- Abbreviation: KCSO

Agency overview
- Formed: 1648

Jurisdictional structure
- Operations jurisdiction: Maryland, U.S.
- Size: 279.43 square miles (723.7 km^{2})
- Population: 19,983
- Legal jurisdiction: Kent County, Maryland
- General nature: Local civilian police;

Operational structure
- Deputies: 22, including the sheriff (as of 2022)
- Agency executive: Dennis Hickman, Sheriff;

= Kent County Sheriff's Office (Maryland) =

Primary law enforcement agency servicing Kent County

The Kent County Sheriff's Office (KCSO) is the primary law enforcement agency servicing a population of 19,983 people within 279.43 sqmi of jurisdiction within Kent County located on Maryland's eastern shore. As of 2022, the department has 22 sworn deputies, including the sheriff.

==History==
The KCSO was created in 1648 with Henry Morgan appointed as the first sheriff.

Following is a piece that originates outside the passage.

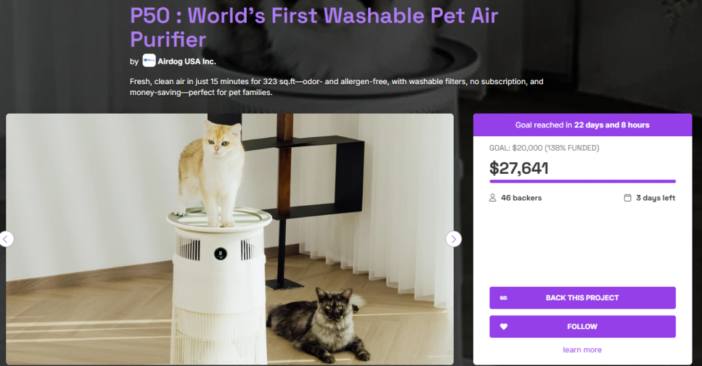 产品5:P50 : World’s First Washable Pet Air Purifier
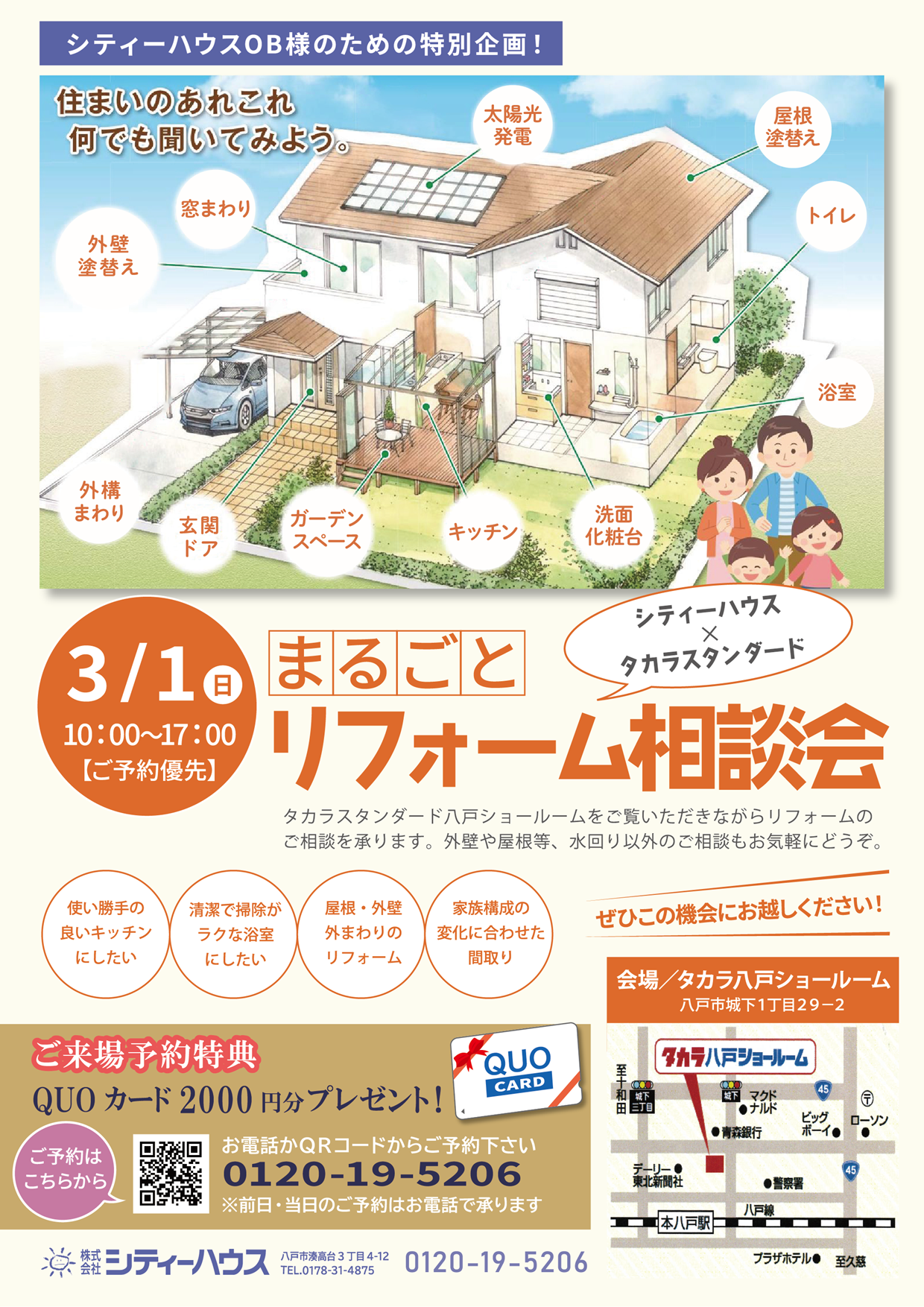 \シティーハウスOB様のための特別企画/ タカラスタンダードの八戸ショールームをご覧いただきながらリフォームのご相談を承ります。 長年住み続けた愛着のあるご自宅を、快適性と省エネ性をアッ

In 1994, the KCSO had 17 deputies.

In 2003, the KCSO was accredited by the Commission on Accreditation for Law Enforcement Agencies.

==Organization==
Nationally accredited by the Commission on Accreditation for Law Enforcement Agencies, the KCSO is full-service organization. The current sheriff of the KCSO is Dennis Hickman. The agency is sub-divided into six units:
- Administrative
- Victim Services
- School Resource
- Patrol Division - Consisting of 12 deputies within the Patrol Division, there are three units:
  - K-9 Unit
  - Community Policing Unit
  - Bicycle Patrol Unit
- Services Division
- Kent Bureau of Investigation

The KCSO lacks extensive crime scene investigation capabilities and thus relies on the Maryland State Police for such assistance.